The fair values of the Partnership's financial instruments have been
determined at a specific point in time, based on relevant market information
and information about the financial instrument.  Estimates of fair value are
subjective in nature and involve uncertainties and matters of significant
judgment and therefore cannot be determined with precision.  Changes in
assumptions could affect the estimates.

The carrying amounts of cash and cash equivalents and accrued expenses at
March 31, 2000 and December 31, 1999 approximate their fair values because of
the short-term maturity of these instruments.

<PAGE>

PART I

ITEM 2.	MANAGEMENT'S DISCUSSION AND ANALYSIS OF FINANCIAL CONDITION
		AND RESULTS OF OPERATIONS:

Liquidity and Capital Resources

The Partnership's primary source of funds were the proceeds of its public
offering.  Other sources of liquidity include interest earned on funds and
cash distributions from operations of the Local Limited Partnerships in
which the Partnership has invested.  These sources of liquidity are
available to meet obligations of the Partnership.
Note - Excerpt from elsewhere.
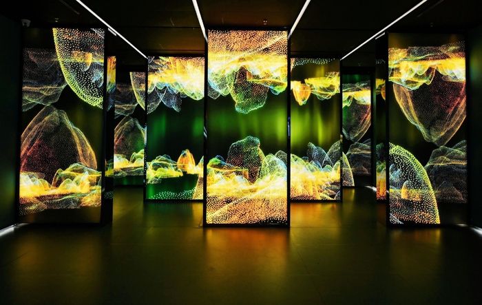 而在东大路站的C1或C2口脚步一转,眼前豁然开朗,幕墙上蓝、绿、黄交织形成的“山水画”带来些许科幻色彩,这就是由成都凤凰数字艺术中心东大路馆首展的《画游千里江山——故宫沉浸艺术展》。

The Partnership received $3,700,000 in gross proceeds from the sale of
partnership interests pursuant to the public offering, resulting in net
proceeds available for investment, after volume discounts, establishment of
working capital reserves, payment of sales commissions, acquisition fees and
offering expenses, of $3,071,000.

As of March 31, 2000, the Partnership has invested all of the net proceeds
available for investment.

The Partnership's commitment to investments requiring initial capital
contributions has been paid.  The Partnership has no other significant
capital commitments.

HUD recently released the American Community Partnerships Act (the "ACPA").
The ACPA is HUD's blueprint for providing for the nation's housing needs in
an era of static or decreasing budget authority.  Two key proposals in the
ACPA that could affect the Local Limited Partnerships are: A discontinuation
of project based Section 8 Subsidy payments and an attendant reduction in
debt on properties that were supported by the Section 8 payments.  The ACPA
calls for a transition during which the project based Section 8 would be
converted to a tenant based voucher system.  Any FHA insured debt would then
be "marked-to-market", that is revalued in light of the reduced income
stream, if any.  The impact of ACPA, if enacted in its present form, is not
presently determinable.

However, the legislature has issued regulations that allow for a Local
Limited Partnership to elect to be marked to market with a restructuring of
its existing debt.  In addition, marked to market may also be
accomplished without restructuring the debt.  The legislature also has
provided a Local Limited Partnership the option to "mark-up to market"; that
is, upon expiration of its Section 8 subsidy contract, and if current
market rents exceed contract rents, then the Local Limited Partnership may
elect to contract with HUD at the higher rents for a period of five years as
an incentive to maintain affordable housing.

Several industry sources have already commented to HUD and Congress that in
the event the ACPA were fully enacted in its present form, the reduction in
mortgage indebtedness would be considered taxable income to limited partners
in the Partnership.  Legislative relief has been proposed to exempt "mark-to-
market" debt from cancellation of indebtedness income treatment.

<PAGE>

PART I

ITEM 2.	MANAGEMENT'S DISCUSSION AND ANALYSIS OF FINANCIAL CONDITION
      		AND RESULTS OF OPERATIONS (Continued):


No cash distributions were received from the Local Limited Partnerships
during the quarters ended March 31, 2000 and 1999.  However, distributions
of $87,903 have been received from one of the Local Limited
Partnerships in each of the three years in the period ended December 31,
1999.  These distributions are used to meet the Partnership's obligations.
The Partnership has invested in Local Limited Partnerships owning
housing developments which receive governmental assistance under programs
which restrict the cash return available to the housing development owners.
The Partnership believes that it will continue to receive cash distributions
from a Local Limited Partnership in an amount sufficient to meet its
operating expenses.  However, there can be no assurance that cash
distributions received will be adequate to allow the Partnership to make any
further cash distributions to its partners.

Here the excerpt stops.